Escritas sob encomenda para uma coleção de horror da Companhia das Letras, é curioso como, a seu modo, ambas as obras traçam quadros complementares de um momento muito particular. Se Xerxenesky cria um terror de alienação urbana que remete a Dario Argento e Polansky, Nazarian evoca e atualiza o desconforto familiar e o isolamento da casa mal-assombrada, com elementos que vão de O Iluminado a Psicose. Em ambos, a insatisfação de seus personagens com a vida que construíram os leva a enfrentar a possibilidade do sobrenatural.
Um terceiro livro se soma a esse recente ressurgimento do terror: Jantar Secreto (Companhia das Letras, 2016, 376 páginas, R$ 24,90), de Raphael Montes. Lançado no final do ano passado, aborda um grupo de jovens cariocas sem dinheiro e desiludidos com a vida urbana.
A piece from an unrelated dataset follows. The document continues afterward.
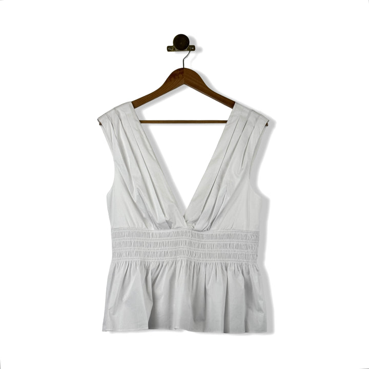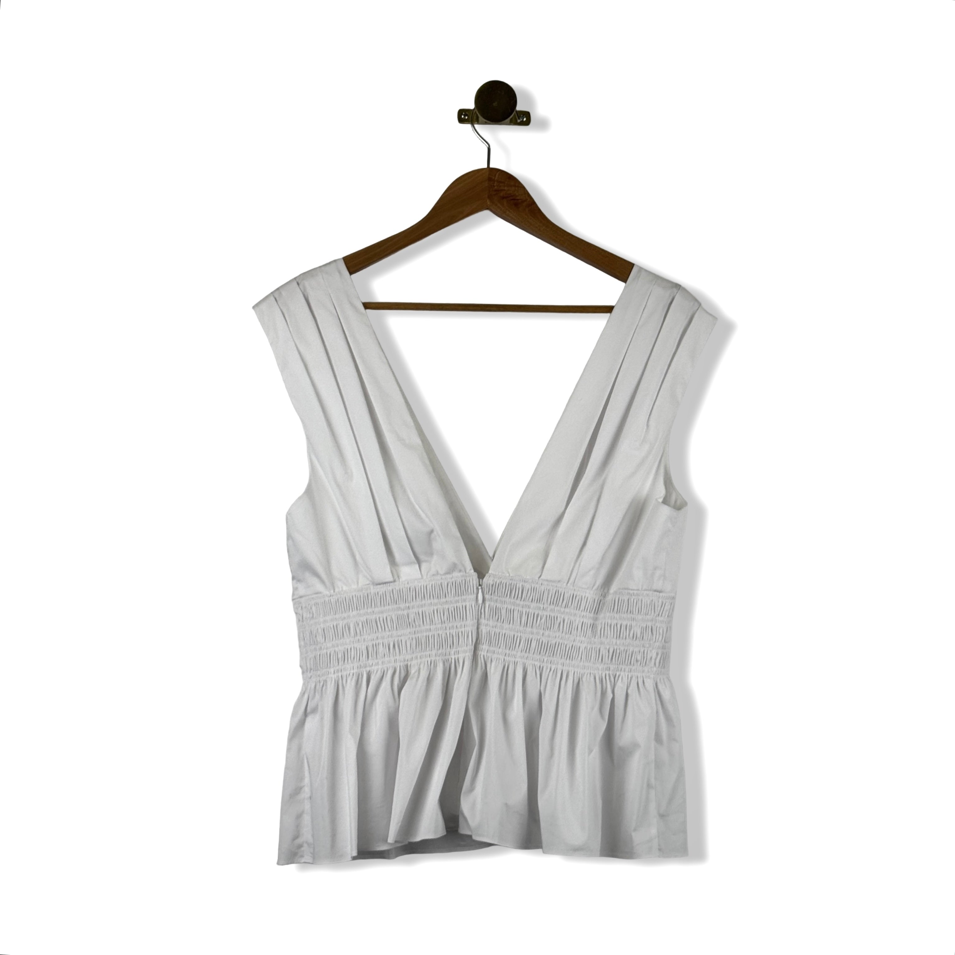 - Cotton-blend poplin top with deep v neckline. shirred waist and zip closure on back.

Para enfrentar a crise, criam elegantes e exclusivos jantares para alta sociedade onde o prato é carne humana, tomada de pessoas "invisíveis" ou "indesejáveis" na sociedade.
Com banhos de sangue dignos de Sweeney Todd e referências ao filme clássico Soylent Green, Montes cria tanto uma paródia da gourmetização da sociedade quanto uma crítica à alienação da elite brasileira – que, em tempos de farinata, se tornou mais caricata na vida real do que na ficção.
Em comum, os três livros trazem um frescor novo, um sinal de que, nestes tempos cada vez mais surreais, a literatura realista atinge seus limites, e cabe à literatura de imaginação buscar um modo de interpretarmos e dar sentido a essa época estranha em que vivemos.